* [What is needed] In the material below, find the line with "Днем 19 апреля" and the line with "#九尾 #九尾狐 #絵柄が好みっていう人にフォローされたい", then output both and every line between them exactly, omitting pictures.

* [Recorded data]
_____
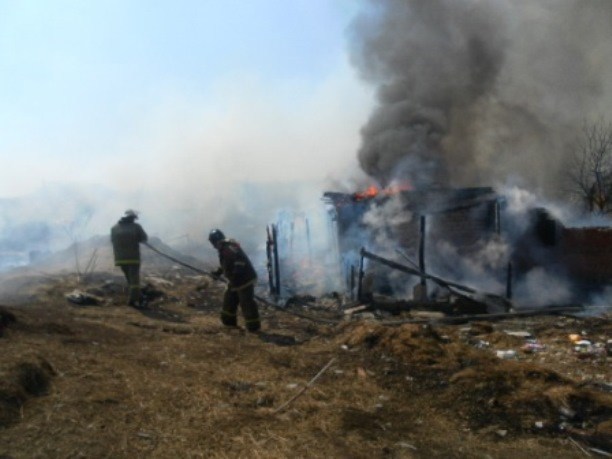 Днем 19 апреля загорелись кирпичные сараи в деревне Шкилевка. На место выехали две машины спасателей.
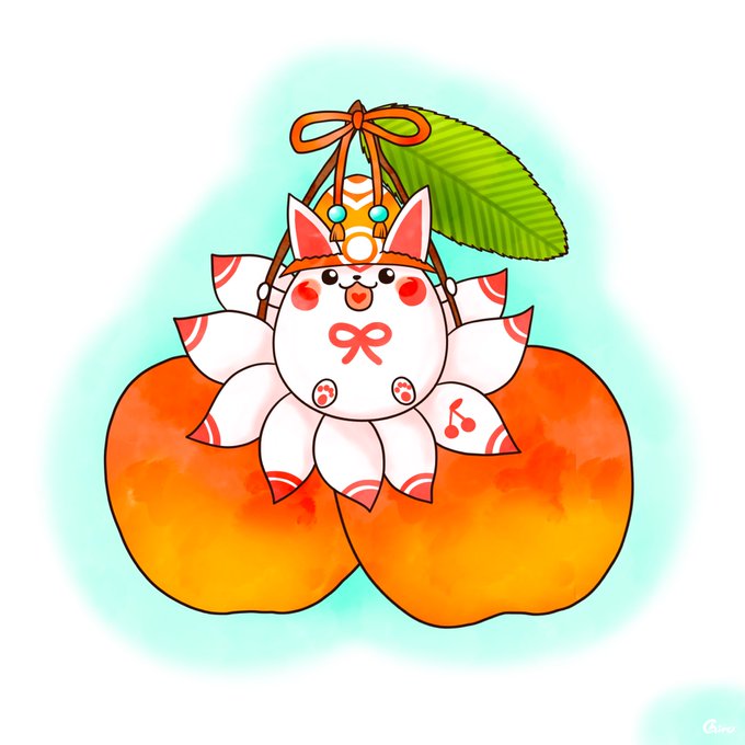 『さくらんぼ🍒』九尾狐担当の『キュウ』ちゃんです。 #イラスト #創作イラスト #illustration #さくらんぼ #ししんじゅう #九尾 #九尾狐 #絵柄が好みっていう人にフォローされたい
_____
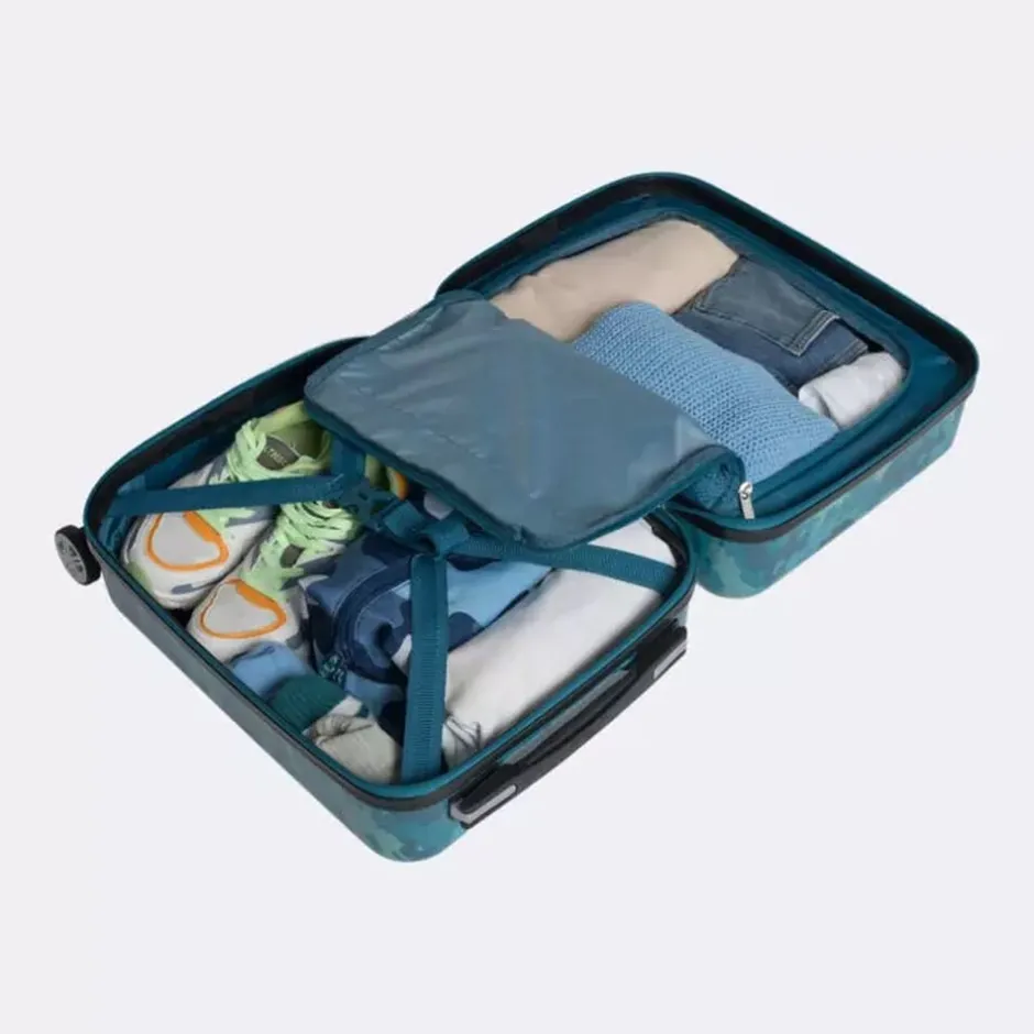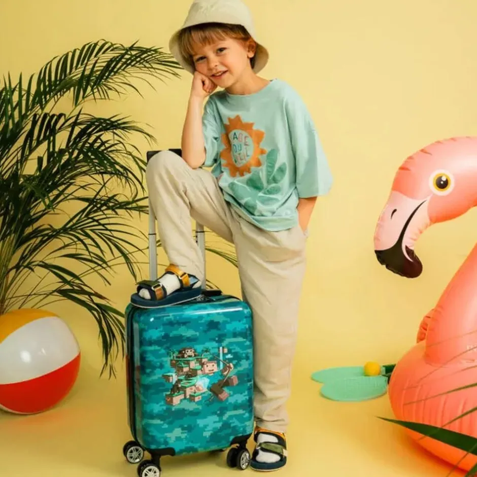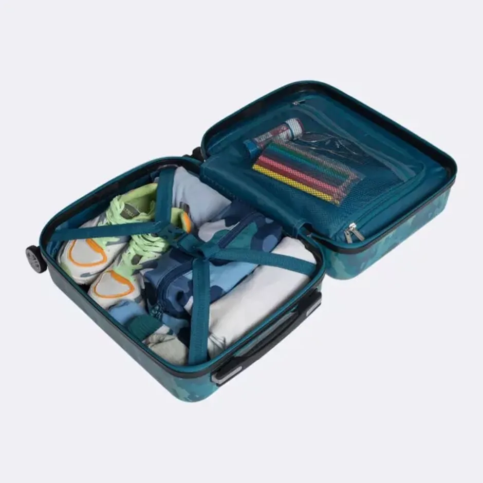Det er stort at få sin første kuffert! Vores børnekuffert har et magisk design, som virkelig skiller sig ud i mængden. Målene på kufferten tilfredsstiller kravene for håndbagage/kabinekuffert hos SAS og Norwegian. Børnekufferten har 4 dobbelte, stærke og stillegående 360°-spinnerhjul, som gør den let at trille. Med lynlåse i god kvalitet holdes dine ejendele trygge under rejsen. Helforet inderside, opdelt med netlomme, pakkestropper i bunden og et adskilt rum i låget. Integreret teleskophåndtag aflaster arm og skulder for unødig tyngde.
_____
* [Exercise response]
 Днем 19 апреля загорелись кирпичные сараи в деревне Шкилевка. На место выехали две машины спасателей.
 『さくらんぼ🍒』九尾狐担当の『キュウ』ちゃんです。 #イラスト #創作イラスト #illustration #さくらんぼ #ししんじゅう #九尾 #九尾狐 #絵柄が好みっていう人にフォローされたい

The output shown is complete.